Other Isothermal Amplification of Interest

Trau's group has proposed a beacon-assisted detection amplification (BAD-AMP) by DNA polymerization in conjunction with the nicking event [90,91]. Two enzymes are used in BAD-AMP: the DNA polymerase that replicates the DNA target on the beacon and the nicking endonuclease that cuts the replicated single strand at the recognition position. Initially, the reaction can be activated by the addition of target DNA to switch the conformation of the beacon. When a new DNA is synthesized, the target is displaced by the polymerase with strand-displacement activity. This polymerization eventually leads to the newly synthesized DNA strand with a recognition sequence for the DNA endonuclease. This allows an enzyme to nick the DNA strand, such that the polymerase can also displace the nicked strand. BAD-AMP leads to exponential amplification by repeating cycles of polymerase and endonuclease activity. Because this strategy is a relatively simple technique, BAD-AMP has also been applied for the construction of molecular logic gates [92].

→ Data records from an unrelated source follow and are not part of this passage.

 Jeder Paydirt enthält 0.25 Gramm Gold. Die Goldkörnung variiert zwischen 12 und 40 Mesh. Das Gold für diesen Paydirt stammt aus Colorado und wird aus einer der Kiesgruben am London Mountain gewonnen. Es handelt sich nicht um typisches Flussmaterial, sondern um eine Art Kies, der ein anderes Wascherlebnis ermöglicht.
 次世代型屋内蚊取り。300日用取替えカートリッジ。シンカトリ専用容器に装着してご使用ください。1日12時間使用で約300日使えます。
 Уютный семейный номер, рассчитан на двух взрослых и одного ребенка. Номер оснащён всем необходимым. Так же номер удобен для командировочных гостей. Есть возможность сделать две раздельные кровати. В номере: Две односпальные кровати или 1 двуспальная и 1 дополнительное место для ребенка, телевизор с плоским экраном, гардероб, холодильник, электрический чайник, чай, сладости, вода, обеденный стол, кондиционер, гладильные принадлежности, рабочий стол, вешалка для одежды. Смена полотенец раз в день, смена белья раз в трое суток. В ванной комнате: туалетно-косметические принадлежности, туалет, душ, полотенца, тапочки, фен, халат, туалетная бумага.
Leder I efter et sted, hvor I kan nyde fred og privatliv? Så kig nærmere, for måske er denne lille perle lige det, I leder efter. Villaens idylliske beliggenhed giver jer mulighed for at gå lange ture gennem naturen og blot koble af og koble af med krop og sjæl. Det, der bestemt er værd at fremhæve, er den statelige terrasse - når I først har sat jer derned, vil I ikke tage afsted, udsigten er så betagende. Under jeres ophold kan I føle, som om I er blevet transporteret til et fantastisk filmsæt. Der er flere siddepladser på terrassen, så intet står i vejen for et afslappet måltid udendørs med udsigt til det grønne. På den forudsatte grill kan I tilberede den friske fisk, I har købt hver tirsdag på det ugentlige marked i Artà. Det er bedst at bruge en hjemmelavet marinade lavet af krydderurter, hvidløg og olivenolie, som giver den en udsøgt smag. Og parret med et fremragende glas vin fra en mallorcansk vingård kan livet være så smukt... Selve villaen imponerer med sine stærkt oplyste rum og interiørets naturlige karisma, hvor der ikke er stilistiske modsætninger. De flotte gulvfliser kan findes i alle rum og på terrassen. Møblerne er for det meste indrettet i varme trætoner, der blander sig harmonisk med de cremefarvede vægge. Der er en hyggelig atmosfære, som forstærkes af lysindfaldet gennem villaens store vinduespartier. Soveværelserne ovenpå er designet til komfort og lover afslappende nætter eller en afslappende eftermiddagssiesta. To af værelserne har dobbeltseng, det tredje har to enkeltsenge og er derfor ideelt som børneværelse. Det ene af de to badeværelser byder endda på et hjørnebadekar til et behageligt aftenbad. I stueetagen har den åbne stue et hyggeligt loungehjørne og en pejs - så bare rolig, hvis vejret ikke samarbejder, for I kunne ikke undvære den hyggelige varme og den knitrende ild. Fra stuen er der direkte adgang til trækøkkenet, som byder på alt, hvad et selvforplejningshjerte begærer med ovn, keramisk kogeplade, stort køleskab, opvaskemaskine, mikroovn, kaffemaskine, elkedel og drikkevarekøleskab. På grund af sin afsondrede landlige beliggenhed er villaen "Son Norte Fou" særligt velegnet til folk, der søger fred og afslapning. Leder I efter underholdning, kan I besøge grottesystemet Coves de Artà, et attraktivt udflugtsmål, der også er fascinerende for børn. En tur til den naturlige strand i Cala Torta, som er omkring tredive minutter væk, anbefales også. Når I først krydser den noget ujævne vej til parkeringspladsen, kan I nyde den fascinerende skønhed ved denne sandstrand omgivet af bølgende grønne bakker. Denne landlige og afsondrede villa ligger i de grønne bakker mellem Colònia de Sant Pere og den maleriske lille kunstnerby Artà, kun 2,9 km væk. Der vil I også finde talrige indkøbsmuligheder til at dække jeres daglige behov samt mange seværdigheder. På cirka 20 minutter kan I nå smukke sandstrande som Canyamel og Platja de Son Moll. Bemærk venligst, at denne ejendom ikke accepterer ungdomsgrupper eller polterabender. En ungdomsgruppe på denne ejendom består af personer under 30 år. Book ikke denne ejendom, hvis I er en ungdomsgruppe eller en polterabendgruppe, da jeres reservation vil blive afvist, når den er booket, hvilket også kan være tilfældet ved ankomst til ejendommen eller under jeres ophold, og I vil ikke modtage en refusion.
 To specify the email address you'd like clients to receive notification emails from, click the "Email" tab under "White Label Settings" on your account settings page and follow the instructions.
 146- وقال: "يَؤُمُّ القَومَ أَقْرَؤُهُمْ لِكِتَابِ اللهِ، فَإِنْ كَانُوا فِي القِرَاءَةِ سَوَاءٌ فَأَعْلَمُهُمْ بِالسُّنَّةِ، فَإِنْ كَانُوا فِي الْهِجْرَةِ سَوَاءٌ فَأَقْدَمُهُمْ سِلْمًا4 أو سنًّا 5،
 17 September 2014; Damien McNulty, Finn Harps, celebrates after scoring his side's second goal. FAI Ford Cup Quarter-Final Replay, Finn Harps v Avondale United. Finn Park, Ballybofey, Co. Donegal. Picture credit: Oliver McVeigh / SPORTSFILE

Hybridization chain reaction (HCR) is a short DNA amplification technique that is based on hybridization and strand-exchange reactions for selective and specific extension [93]. Two complementary, kinetically trapped DNA hairpins coexist in solution until the introduction of target strands initiates a cascade of hybridization events. Because there is no requirement for enzyme amplification of the signal, HCR can be performed at room temperature. The major drawback of HCR is that it provides linear amplification only, compared to the PCR, which produces exponential amplification. Various approaches with labeled hairpin probes have been reported to improve the sensitivity of targets [94-97]. Although HCR is the simplest method among the isothermal nucleic acid amplifications, there are no reports on the development of an integrated HCR chip.

Conclusions

The aim of this review was to briefly describe the current state of the art of diagnostic devices for isothermal nucleic acid amplification. The isothermal strategy has been a versatile and powerful technique applied in the detection of microbial and viral pathogens, among many other uses in the diagnostic laboratory. The combination of the properties derived from isothermal amplification and biosensing platforms proved a valuable strategy for simplifying the analytical science of nucleic acid detection. In reviewing the various detection configurations, we observed that integrated microchip systems are particularly desirable because these systems provide significant advantages in convenience and cost-effectiveness, simultaneously simplifying operational procedures and shortening analysis times.

To date, the development of chip-based isothermal assay systems has received great attention, whereas achieving a higher degree of portability remains a challenge. No device reported thus far is clearly superior, resulting in the possibility that sensing platforms based on different isothermal amplifications may find their way to market. Commercialization requires further improvement in on-chip sample pretreatment, miniaturization of detectors, decrease in power consumption, and the establishment of quality control. We can expect the full integration of all components on disposable credit-card-sized systems for isothermal nucleic acid amplification and detection in the near future. Given the great effort being invested in isothermal DNA microchip systems, there is no doubt that they will provide significant contributions to point-of-care diagnostics and decentralized testing.